→ About this exercise
The listing below must be repeated word for word, with its images excluded.
== Data excerpts ==
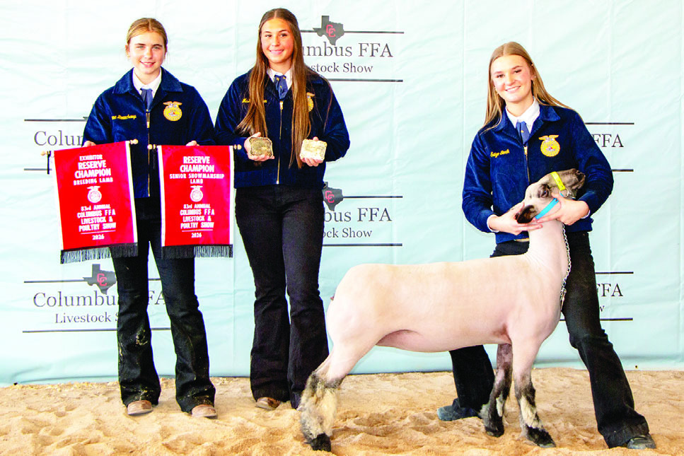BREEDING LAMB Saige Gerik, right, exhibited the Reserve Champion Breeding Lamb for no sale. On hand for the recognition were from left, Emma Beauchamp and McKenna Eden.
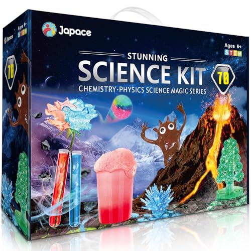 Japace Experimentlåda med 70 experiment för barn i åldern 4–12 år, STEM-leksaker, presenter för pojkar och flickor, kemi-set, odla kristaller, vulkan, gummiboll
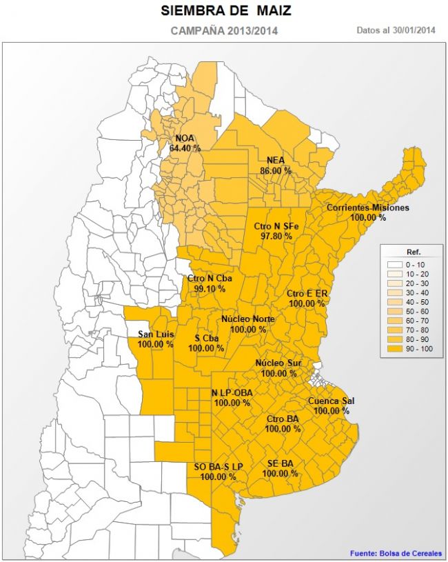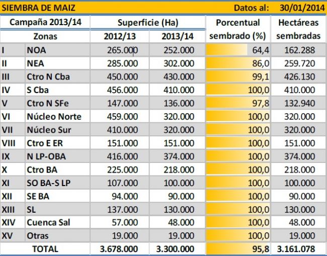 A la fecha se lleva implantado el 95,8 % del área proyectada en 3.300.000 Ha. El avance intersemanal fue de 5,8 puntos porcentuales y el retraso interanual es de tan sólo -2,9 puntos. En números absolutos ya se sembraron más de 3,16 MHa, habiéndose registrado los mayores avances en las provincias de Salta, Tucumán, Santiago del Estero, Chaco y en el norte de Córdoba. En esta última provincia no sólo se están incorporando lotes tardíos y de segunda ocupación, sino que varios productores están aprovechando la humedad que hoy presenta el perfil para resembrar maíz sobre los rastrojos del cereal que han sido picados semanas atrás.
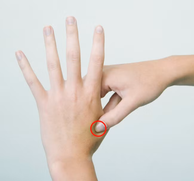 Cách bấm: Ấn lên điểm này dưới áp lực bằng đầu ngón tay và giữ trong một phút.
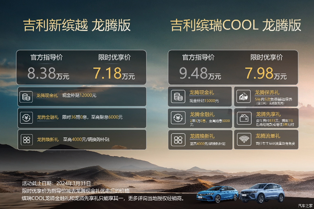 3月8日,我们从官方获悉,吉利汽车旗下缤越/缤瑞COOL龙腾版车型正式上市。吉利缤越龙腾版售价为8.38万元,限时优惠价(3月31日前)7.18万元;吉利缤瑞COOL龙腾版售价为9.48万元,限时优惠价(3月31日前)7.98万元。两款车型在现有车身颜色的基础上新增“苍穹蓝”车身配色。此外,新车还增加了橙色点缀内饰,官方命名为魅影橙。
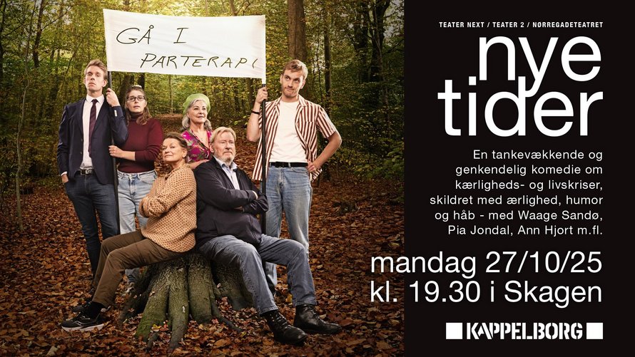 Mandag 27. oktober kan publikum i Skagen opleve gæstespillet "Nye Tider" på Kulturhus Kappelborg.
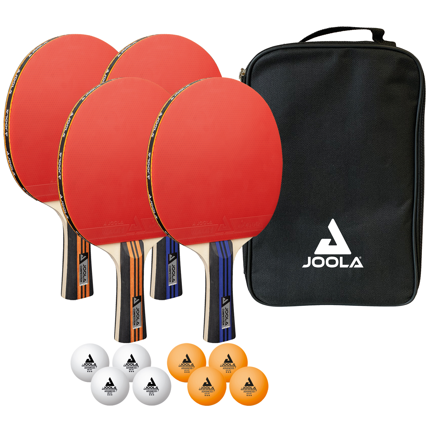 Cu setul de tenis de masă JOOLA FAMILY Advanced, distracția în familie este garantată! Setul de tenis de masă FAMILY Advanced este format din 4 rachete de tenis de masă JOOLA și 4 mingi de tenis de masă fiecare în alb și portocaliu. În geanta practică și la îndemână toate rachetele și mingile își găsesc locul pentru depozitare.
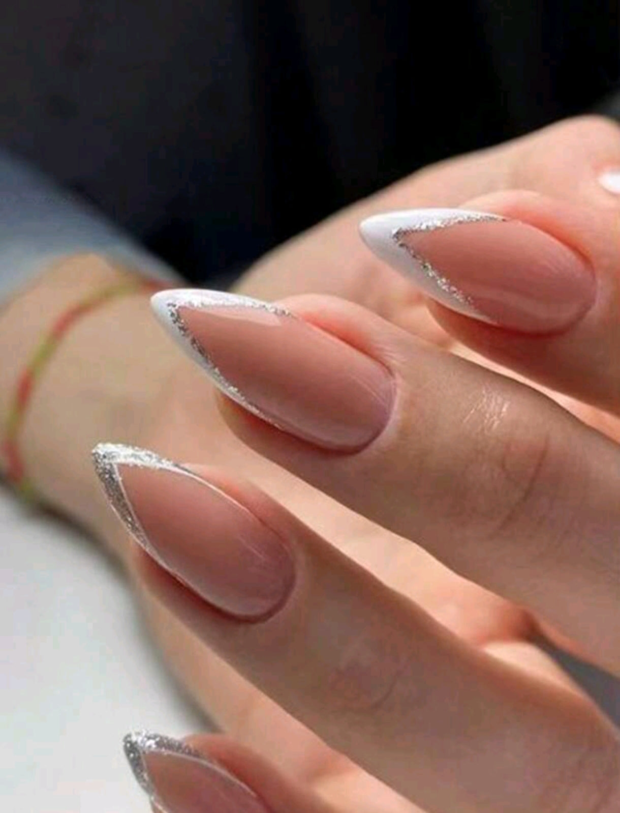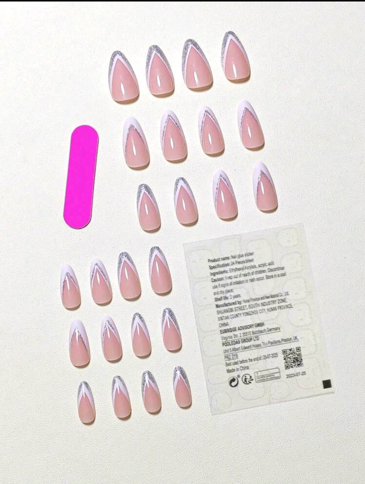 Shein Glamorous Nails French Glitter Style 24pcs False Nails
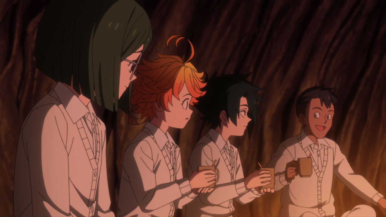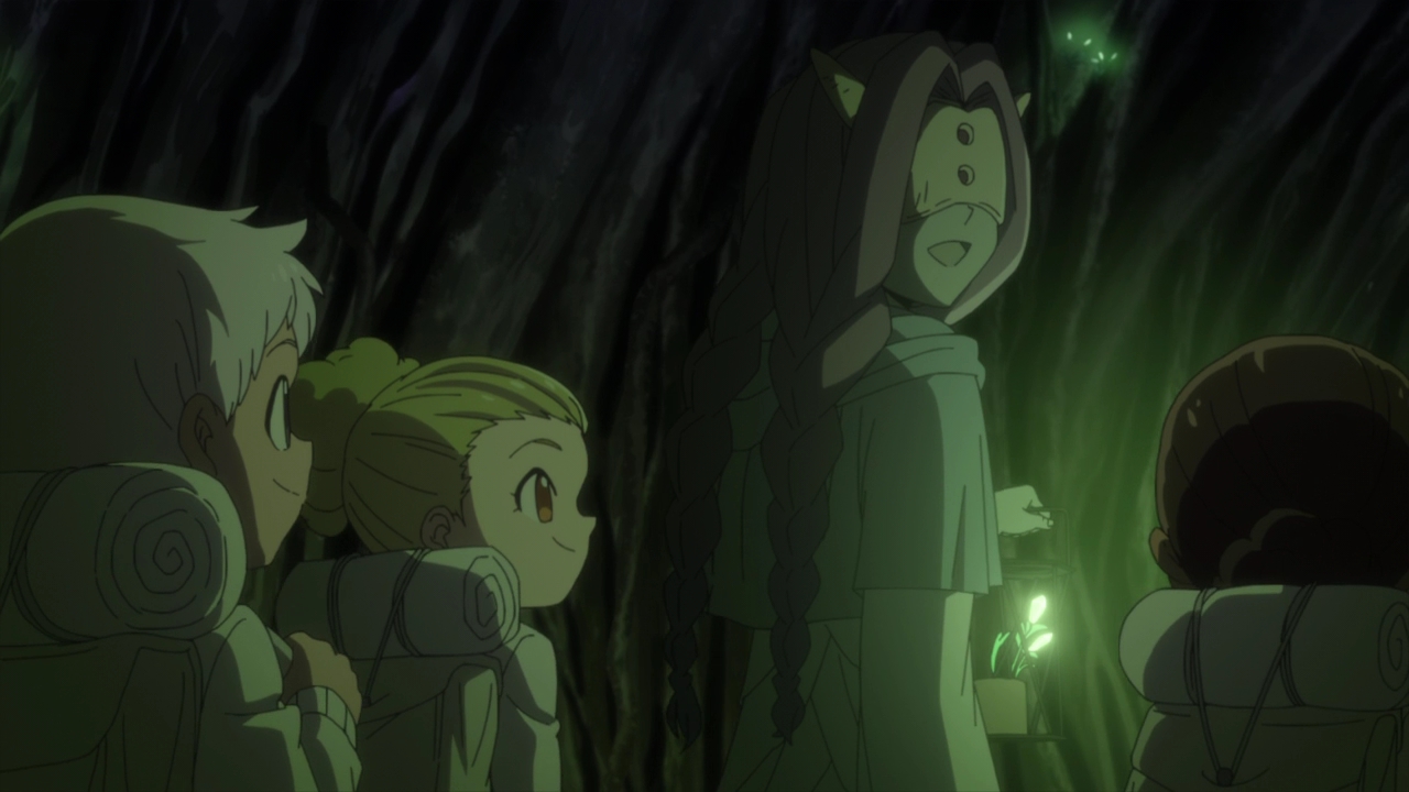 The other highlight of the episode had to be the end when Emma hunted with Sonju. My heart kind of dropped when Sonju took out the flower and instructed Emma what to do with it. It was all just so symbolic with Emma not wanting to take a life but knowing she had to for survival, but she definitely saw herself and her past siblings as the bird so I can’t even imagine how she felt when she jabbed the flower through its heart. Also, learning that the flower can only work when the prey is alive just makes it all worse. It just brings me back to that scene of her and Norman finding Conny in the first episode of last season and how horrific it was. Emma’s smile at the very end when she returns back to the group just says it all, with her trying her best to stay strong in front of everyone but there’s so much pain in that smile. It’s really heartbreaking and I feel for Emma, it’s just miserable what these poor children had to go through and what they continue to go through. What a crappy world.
===
→ Answer box
BREEDING LAMB Saige Gerik, right, exhibited the Reserve Champion Breeding Lamb for no sale. On hand for the recognition were from left, Emma Beauchamp and McKenna Eden.
 Japace Experimentlåda med 70 experiment för barn i åldern 4–12 år, STEM-leksaker, presenter för pojkar och flickor, kemi-set, odla kristaller, vulkan, gummiboll
 A la fecha se lleva implantado el 95,8 % del área proyectada en 3.300.000 Ha. El avance intersemanal fue de 5,8 puntos porcentuales y el retraso interanual es de tan sólo -2,9 puntos. En números absolutos ya se sembraron más de 3,16 MHa, habiéndose registrado los mayores avances en las provincias de Salta, Tucumán, Santiago del Estero, Chaco y en el norte de Córdoba. En esta última provincia no sólo se están incorporando lotes tardíos y de segunda ocupación, sino que varios productores están aprovechando la humedad que hoy presenta el perfil para resembrar maíz sobre los rastrojos del cereal que han sido picados semanas atrás.
 Cách bấm: Ấn lên điểm này dưới áp lực bằng đầu ngón tay và giữ trong một phút.
 3月8日,我们从官方获悉,吉利汽车旗下缤越/缤瑞COOL龙腾版车型正式上市。吉利缤越龙腾版售价为8.38万元,限时优惠价(3月31日前)7.18万元;吉利缤瑞COOL龙腾版售价为9.48万元,限时优惠价(3月31日前)7.98万元。两款车型在现有车身颜色的基础上新增“苍穹蓝”车身配色。此外,新车还增加了橙色点缀内饰,官方命名为魅影橙。
 Mandag 27. oktober kan publikum i Skagen opleve gæstespillet "Nye Tider" på Kulturhus Kappelborg.
 Cu setul de tenis de masă JOOLA FAMILY Advanced, distracția în familie este garantată! Setul de tenis de masă FAMILY Advanced este format din 4 rachete de tenis de masă JOOLA și 4 mingi de tenis de masă fiecare în alb și portocaliu. În geanta practică și la îndemână toate rachetele și mingile își găsesc locul pentru depozitare.
 Shein Glamorous Nails French Glitter Style 24pcs False Nails
 The other highlight of the episode had to be the end when Emma hunted with Sonju. My heart kind of dropped when Sonju took out the flower and instructed Emma what to do with it. It was all just so symbolic with Emma not wanting to take a life but knowing she had to for survival, but she definitely saw herself and her past siblings as the bird so I can’t even imagine how she felt when she jabbed the flower through its heart. Also, learning that the flower can only work when the prey is alive just makes it all worse. It just brings me back to that scene of her and Norman finding Conny in the first episode of last season and how horrific it was. Emma’s smile at the very end when she returns back to the group just says it all, with her trying her best to stay strong in front of everyone but there’s so much pain in that smile. It’s really heartbreaking and I feel for Emma, it’s just miserable what these poor children had to go through and what they continue to go through. What a crappy world.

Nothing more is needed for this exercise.